> _Items from a data source_:
== Segment start ==
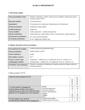 KARTA PRZEDMIOTU 1. Informacje ogólne Nazwa przedmiotu i kod: Handel i marketing wyrobów medycznych, produktów farmaceutycznych i kosmetycznych T.D1.2 Kierunek studiów: Towaroznawstwo Specjalność: Towaroznawstwo medyczne, farmaceutyczne i kosmetyczne Poziom kształcenia: studia pierwszego stopnia Profil kształcenia: praktyczny Forma studiów: studia stacjonarne / studia niestacjonarne Obszar kształcenia: nauki społeczne, nauki rolnicze, leśne i weterynaryjne, nauki techniczne Koordynator przedmiotu: dr n. biol. Henryk Różański Prowadzący przedmiot: dr inż. Małgorzata Źródło-Loda 2. Ogólna charakterystyka przedmiotu Przynależność do modułu: moduł kształcenia specjalnościowego Status przedmiotu: ograniczonego wyboru Język wykładowy: polski Rok studiów, semestr: III, 5 Forma i wymiar zajęć stacjonarne - wykład 30 h, ćw. praktyczne 20 h, ćw. terenowe 5 h według planu studiów: niestacjonarne - wykład 10 h, ćw. praktyczne 10 h, ćw. terenowe 5 h Przedmioty wprowadzające: Podstawy zarządzania, Marketing, Zarządzanie jakością, Opakowalnictwo, Przechowalnictwo 4 A. Liczba godzin wymagających bezpośredniego udziału nauczyciela z podziałem na typy zajęć oraz całkowita liczba punktów ECTS osiąganych na tych zajęciach Wykład Ćwiczenia praktyczne Ćwiczenia terenowe Udział w konsultacjach Egzamin w sumie: ECTS Przygotowanie ogólne Przygotowanie do ćwiczeń B. Poszczególne typy zadań do samokształcenia studenta (niewymagających niestacjonarne Całkowita liczba punktów ECTS stacjonarne 3. Bilans punktów ECTS 30 20 5 2 2 59 2.0 5 15 10 10 5 5 2 32 1.1 16 20 bezpośredniego udziału nauczyciela) wraz z planowaną średnią liczbą godzin na każde i sumaryczną liczbą ECTS C. Liczba godzin praktycznych/laboratoryjnych w ramach przedmiotu oraz związana z tym liczba punktów ECTS Przygotowywanie do kolokwium Przygotowanie sprawozdań z ćwiczeń terenowych Przygotowanie do egzaminu Praca w bibliotece Praca w sieci w sumie: ECTS Ćwiczenia praktyczne Przygotowanie do ćwiczeń Przygotowanie sprawozdań z ćwiczeń terenowych Ćwiczenia terenowe w sumie: ECTS 10 10 5 10 12 5 61 2.0 20 15 10 10 12 10 88 2.9 10 20 5 5 45 1.5 10 5 45 1.5 4. Opis przedmiotu Cel przedmiotu: Celem przedmiotu jest zapoznanie studentów z podstawową wiedzą z handlu i marketingu wyrobów medycznych, produktów farmaceutycznych i kosmetycznych oraz wykształcenie umiejętności praktycznego poruszania się w tej tematyce. Metody dydaktyczne: wykład informacyjny z prezentacją multimedialną, ćwiczenia praktyczne, ćwiczenia terenowe Treści kształcenia: Wykłady: 1. Handel – istota, funkcje, struktura. 2. Handel detaliczny wyrobami medycznymi, produktami farmaceutycznymi i kosmetycznymi – cechy i formy. 3. Handel hurtowy wyrobami medycznymi, produktami farmaceutycznymi i kosmetycznymi – cechy i formy. 4. Organizowanie procesu sprzedaży. Organizacja i funkcjonowanie działu handlowego. 5. Specyfika marketingu wyrobów medycznych, produktów farmaceutycznych i kosmetycznych. 6. Produkt – klasyfikacja wyrobów medycznych, produktów farmaceutycznych i kosmetycznych. 7. Polityka cenowa i dystrybucja w odniesieniu do wyrobów medycznych, produktów farmaceutycznych i kosmetycznych. 8. Promocja wyrobów medycznych, produktów farmaceutycznych i kosmetycznych. 9. Zarządzanie relacjami z klientem CRM. 10. Organizacja marketingu w przedsiębiorstwie. Ćwiczenia praktyczne: 1. Dobór źródeł informacji handlowej i marketingowej na rynku wyrobów medycznych, produktów farmaceutycznych i kosmetycznych. 2. Analiza i ocena strategii wybranych producentów wyrobów medycznych – studium przypadku. 3. Analiza i ocena strategii wybranych producentów produktów farmaceutycznych – studium przypadku. 4. Analiza i ocena strategii wybranych producentów produktów kosmetycznych – studium przypadku. 5. Organizowanie procesu sprzedaży dla wybranego producenta wyrobów medycznych, produktów farmaceutycznych lub kosmetycznych. 6. Wykonanie analizy otoczenia konkurencyjnego dla wybranego producenta wyrobów medycznych, produktów farmaceutycznych lub kosmetycznych. 7. Analiza portfela oferowanych produktów wybranego producenta wyrobów medycznych, produktów farmaceutycznych lub kosmetycznych. 8. Opracowanie propozycji strategii dla wybranego producenta wyrobów medycznych, produktów farmaceutycznych lub kosmetycznych odnośnie: produktu, dystrybucji, ceny i promocji. Ćwiczenia terenowe: 1. Poznanie zastosowania w praktyce działań handlowych i marketingowych podejmowanych przez podmioty gospodarcze w odniesieniu do wyrobów medycznych, produktów farmaceutycznych lub kosmetycznych. 5. Efekty kształcenia i sposoby weryfikacji Efekty kształcenia Efekt przedmiotu Student, który zaliczył przedmiot (spełnił minimum wymagań) Efekt kierunkowy Wiedza: T.D1.2_K_W01 Zna istotę, cechy, strukturę i funkcje różnych form handlu wyrobów medycznych, produktów farmaceutycznych i kosmetycznych T.D1.2_K_W02 Posiada wiedzę odnośnie organizowanie procesu organizacji i funkcjonowania działu handlowego T.D1.2_K_W03 Zna specyfikę marketingu wyrobów farmaceutycznych i kosmetycznych T.D1.2_K_W04 Posiada wiedzę na temat instrumentów marketingu-mix w odniesieniu do wyrobów medycznych, produktów farmaceutycznych i kosmetycznych T.D1.2_K_W05 Posiada wiedzę w zakresie zarządzania relacjami z klientem CRM T.D1.2_K_W06 Ma wiedze odnośnie organizacji marketingu w przedsiębiorstwie sprzedaży oraz medycznych, produktów K_W11 K_W13 K_W15 K_W11 K_W13 K_W15 K_W11 K_W13 K_W04 K_W09 K_W11 K_W13 K_W04 K_W05 K_W14 K_W06 K_W15 Umiejętności: T.D1.12_K_U01 Potrafi zorganizować proces sprzedaży dla wybranego producenta wyrobów medycznych, produktów farmaceutycznych lub kosmetycznych T.D1.2_K_U02 Posiada zdolność doboru metod wykorzystywanych w analizie marketingowej T.D1.2_K_U03 Potrafi formułować wnioski z przeprowadzonych analiz. K_U06 K_U06 K_U01 K_U13 K_U02 T.D1.2_K_U04 
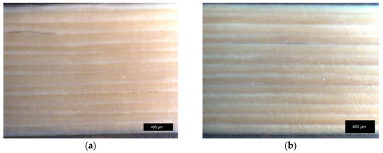 It can be concluded that the annealing had no significant influence on the macroscopic printing structure. Effects like an increasing contact area formation between individual strands (or a neck growth analogous to the so-called two-sphere sintering model from ceramics) were not observed for both LCP. Light microscope images of 90° LCP-L samples are shown in Figure 15. The strand deposition lies in the horizontal direction in this case. Like the 0° samples, these samples also show no macroscopically visible change with respect to the contact area between the individual layers during annealing, despite the increasing tensile strength and layer adhesion (see Figure 11).
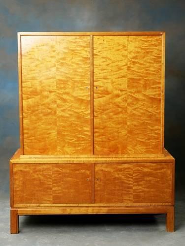 Serveringsskåp björk 1920-30-tal H 158 L 129 D 49 skada på ett bakben
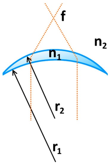 Here, n1 is the refractive index of the lens, n2 is the refractive index of medium around the lens, r1 is the radius of inner curvature of lens and r2 is the radius of outer curvature of lens. A lens with a positive meniscus and focal power is illustrated in Figure 5.
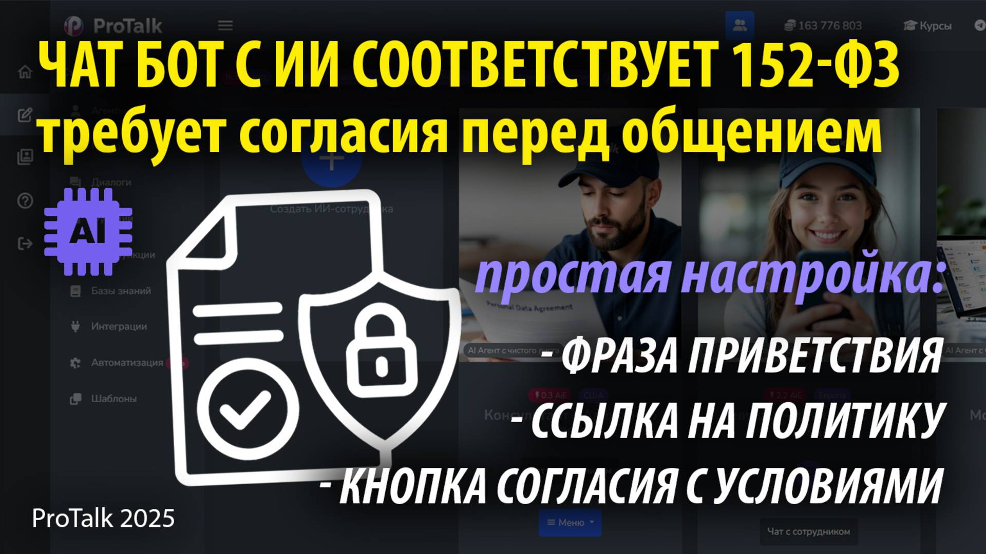 Ваш ИИ чат-бот соответствует 152-ФЗ? Добавляем согласие за 5 минут в платформе ИИ ботов ProTalk!
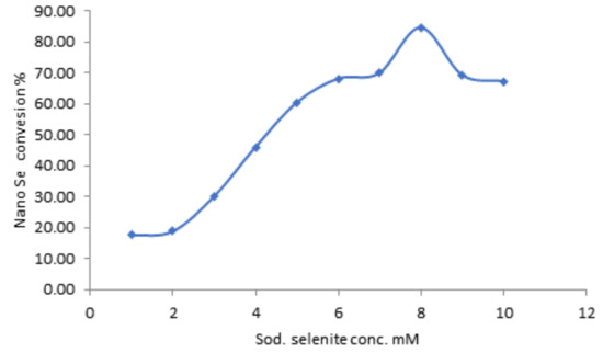 The selenite reduction potential of B. cereus TAH was assayed by measuring the residual selenium concentration in the supernatants at different selenite levels (Figure 5). At a lower concentration of 1.0 mM, only 17% of selenite reduction was achieved within 72 h. The percentage of production of nano-selenium was increased by increasing the concentration of selenite until it reached 84% at a concentration of 8 mM. Afterward, the percentage began to decrease at concentrations of 9 and 10 mM.
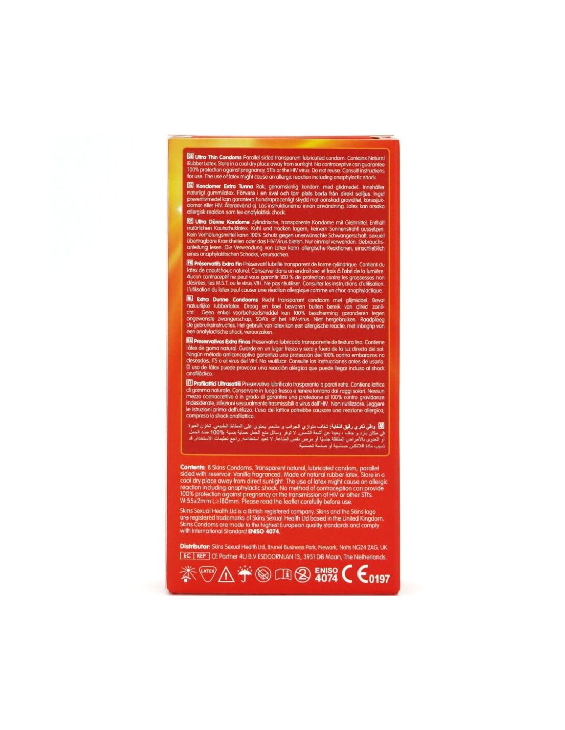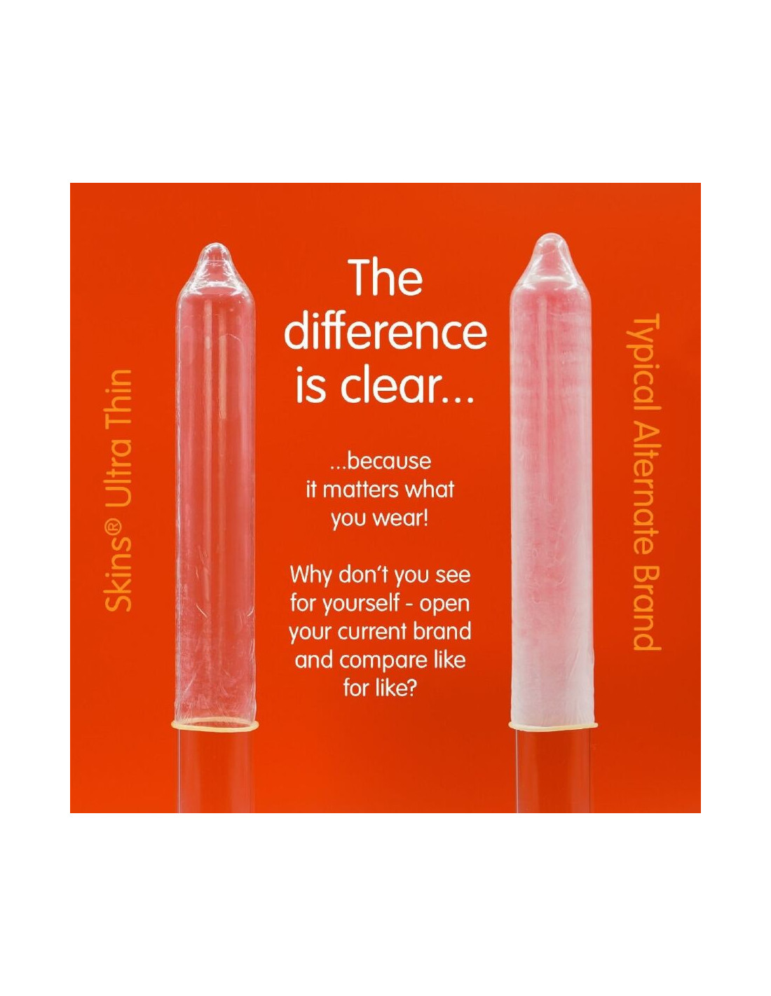 Introducing the Skins Ultra Thin 8-Pack - a value-priced, ready-to-use product that offers up to 33% more condoms per pack than the market leader. Designed for customers seeking ultimate intimacy with reliable protection, this pack is ideal for retailers looking for a premium, high-performance essential. Skins Ultra Thin condoms offer all the benefits of Skins Natural, but with an even thinner design for an even more intimate feel. Made with premium natural latex, they offer strength, transparency, and a second-skin feel, making them the ideal choice for those who prioritize sensation. Feel even closer to your partner with the Skins Ultra Thin condom, strong yet incredibly thin. With all the features of Skins Natural, but even thinner, wearing a Skins Ultra Thin feels like a second skin.
== Segment end ==
> _REQUIRED WORK_: When you reach the line with "Here, n1 is" in the records above, begin repeating the lines exactly, and stop after the line with "The selenite reduction". Skip all pictures.

> _PROBLEM SOLUTION_:
 Here, n1 is the refractive index of the lens, n2 is the refractive index of medium around the lens, r1 is the radius of inner curvature of lens and r2 is the radius of outer curvature of lens. A lens with a positive meniscus and focal power is illustrated in Figure 5.
 Ваш ИИ чат-бот соответствует 152-ФЗ? Добавляем согласие за 5 минут в платформе ИИ ботов ProTalk!
 The selenite reduction potential of B. cereus TAH was assayed by measuring the residual selenium concentration in the supernatants at different selenite levels (Figure 5). At a lower concentration of 1.0 mM, only 17% of selenite reduction was achieved within 72 h. The percentage of production of nano-selenium was increased by increasing the concentration of selenite until it reached 84% at a concentration of 8 mM. Afterward, the percentage began to decrease at concentrations of 9 and 10 mM.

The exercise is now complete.